** Data extracts follows **
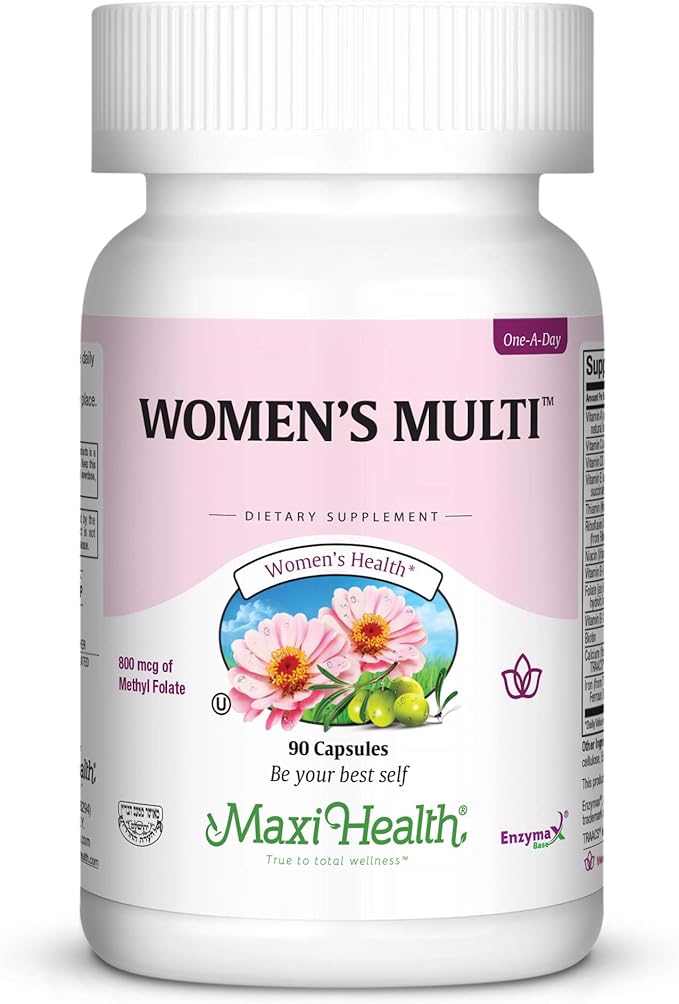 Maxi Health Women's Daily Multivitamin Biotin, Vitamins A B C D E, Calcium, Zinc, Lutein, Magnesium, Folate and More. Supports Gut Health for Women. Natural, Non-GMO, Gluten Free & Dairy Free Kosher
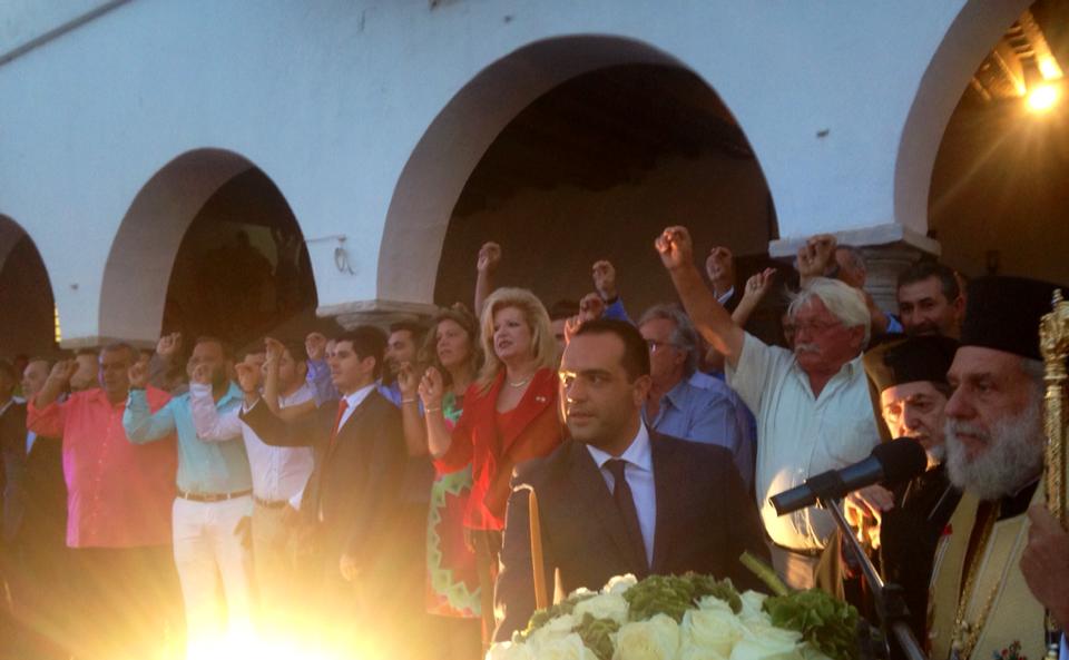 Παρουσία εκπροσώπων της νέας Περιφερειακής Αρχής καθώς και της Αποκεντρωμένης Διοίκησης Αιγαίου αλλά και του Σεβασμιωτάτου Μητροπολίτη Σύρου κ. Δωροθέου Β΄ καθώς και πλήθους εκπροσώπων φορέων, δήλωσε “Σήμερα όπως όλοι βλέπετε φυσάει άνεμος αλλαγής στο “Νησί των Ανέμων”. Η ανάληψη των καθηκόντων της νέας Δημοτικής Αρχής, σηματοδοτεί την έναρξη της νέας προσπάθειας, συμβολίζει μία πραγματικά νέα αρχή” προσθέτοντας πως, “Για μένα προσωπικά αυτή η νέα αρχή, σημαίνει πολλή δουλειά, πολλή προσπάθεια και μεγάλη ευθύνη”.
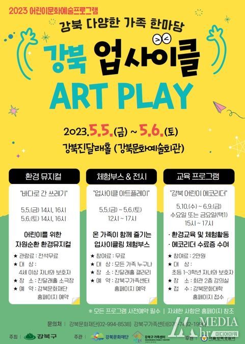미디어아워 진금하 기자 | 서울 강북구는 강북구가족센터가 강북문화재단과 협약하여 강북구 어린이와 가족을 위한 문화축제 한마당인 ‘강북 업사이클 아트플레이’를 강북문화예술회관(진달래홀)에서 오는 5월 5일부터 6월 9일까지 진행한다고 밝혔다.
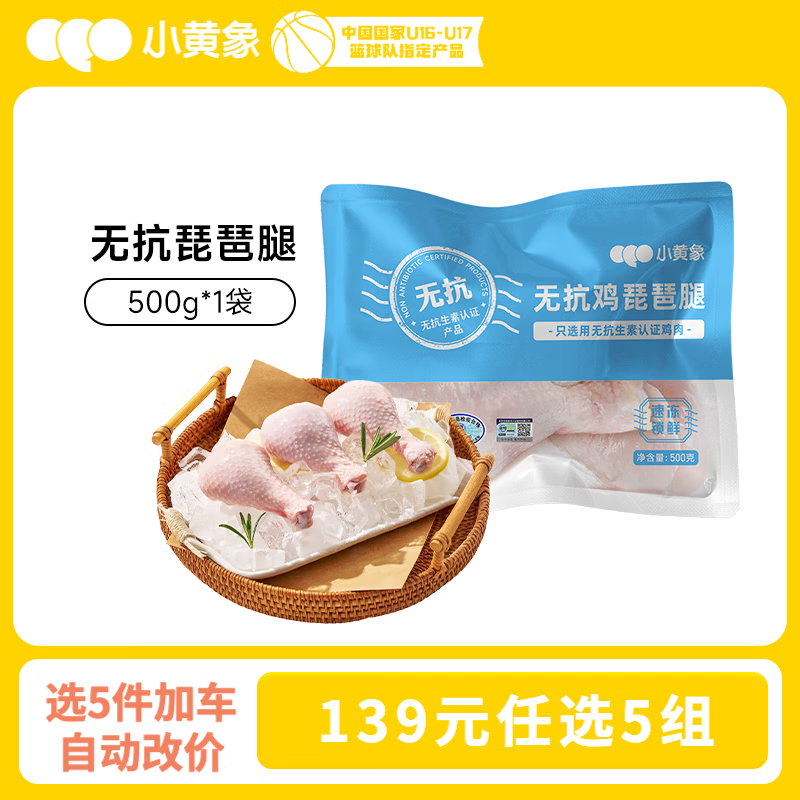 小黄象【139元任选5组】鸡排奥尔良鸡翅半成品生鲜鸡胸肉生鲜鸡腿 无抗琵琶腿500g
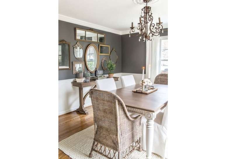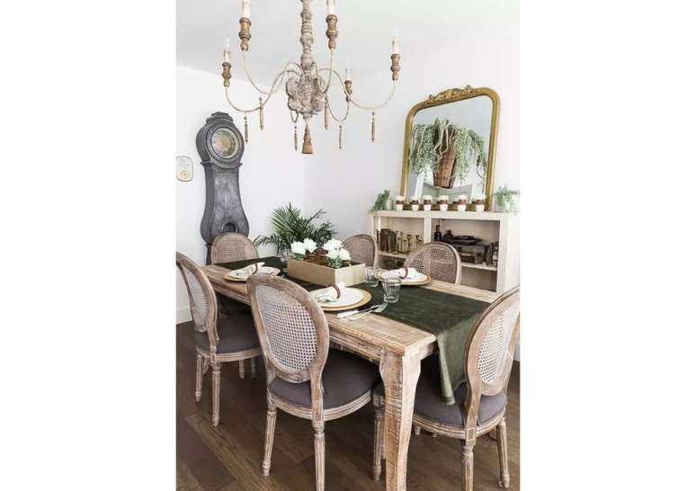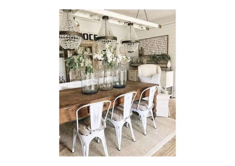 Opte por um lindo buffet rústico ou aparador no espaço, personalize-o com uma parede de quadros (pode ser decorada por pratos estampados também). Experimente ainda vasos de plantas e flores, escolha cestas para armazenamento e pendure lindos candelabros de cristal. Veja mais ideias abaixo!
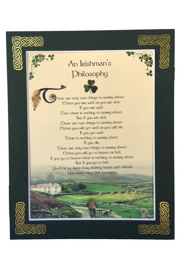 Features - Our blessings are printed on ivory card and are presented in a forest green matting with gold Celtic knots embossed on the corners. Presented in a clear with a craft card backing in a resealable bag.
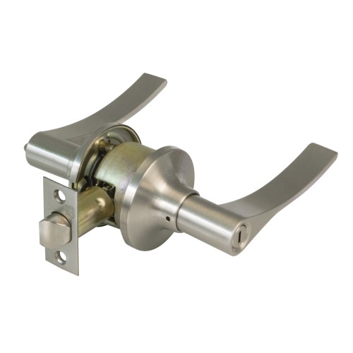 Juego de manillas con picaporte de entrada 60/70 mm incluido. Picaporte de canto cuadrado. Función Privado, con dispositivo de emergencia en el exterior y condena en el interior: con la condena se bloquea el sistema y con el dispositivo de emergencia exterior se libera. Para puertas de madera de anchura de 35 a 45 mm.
** End of Data extracts **
_Exercise objective:_ All entries above must be duplicated exactly; please omit any picture they hold.

_Your solution:_
 Maxi Health Women's Daily Multivitamin Biotin, Vitamins A B C D E, Calcium, Zinc, Lutein, Magnesium, Folate and More. Supports Gut Health for Women. Natural, Non-GMO, Gluten Free & Dairy Free Kosher
 Παρουσία εκπροσώπων της νέας Περιφερειακής Αρχής καθώς και της Αποκεντρωμένης Διοίκησης Αιγαίου αλλά και του Σεβασμιωτάτου Μητροπολίτη Σύρου κ. Δωροθέου Β΄ καθώς και πλήθους εκπροσώπων φορέων, δήλωσε “Σήμερα όπως όλοι βλέπετε φυσάει άνεμος αλλαγής στο “Νησί των Ανέμων”. Η ανάληψη των καθηκόντων της νέας Δημοτικής Αρχής, σηματοδοτεί την έναρξη της νέας προσπάθειας, συμβολίζει μία πραγματικά νέα αρχή” προσθέτοντας πως, “Για μένα προσωπικά αυτή η νέα αρχή, σημαίνει πολλή δουλειά, πολλή προσπάθεια και μεγάλη ευθύνη”.
미디어아워 진금하 기자 | 서울 강북구는 강북구가족센터가 강북문화재단과 협약하여 강북구 어린이와 가족을 위한 문화축제 한마당인 ‘강북 업사이클 아트플레이’를 강북문화예술회관(진달래홀)에서 오는 5월 5일부터 6월 9일까지 진행한다고 밝혔다.
 小黄象【139元任选5组】鸡排奥尔良鸡翅半成品生鲜鸡胸肉生鲜鸡腿 无抗琵琶腿500g
 Opte por um lindo buffet rústico ou aparador no espaço, personalize-o com uma parede de quadros (pode ser decorada por pratos estampados também). Experimente ainda vasos de plantas e flores, escolha cestas para armazenamento e pendure lindos candelabros de cristal. Veja mais ideias abaixo!
 Features - Our blessings are printed on ivory card and are presented in a forest green matting with gold Celtic knots embossed on the corners. Presented in a clear with a craft card backing in a resealable bag.
 Juego de manillas con picaporte de entrada 60/70 mm incluido. Picaporte de canto cuadrado. Función Privado, con dispositivo de emergencia en el exterior y condena en el interior: con la condena se bloquea el sistema y con el dispositivo de emergencia exterior se libera. Para puertas de madera de anchura de 35 a 45 mm.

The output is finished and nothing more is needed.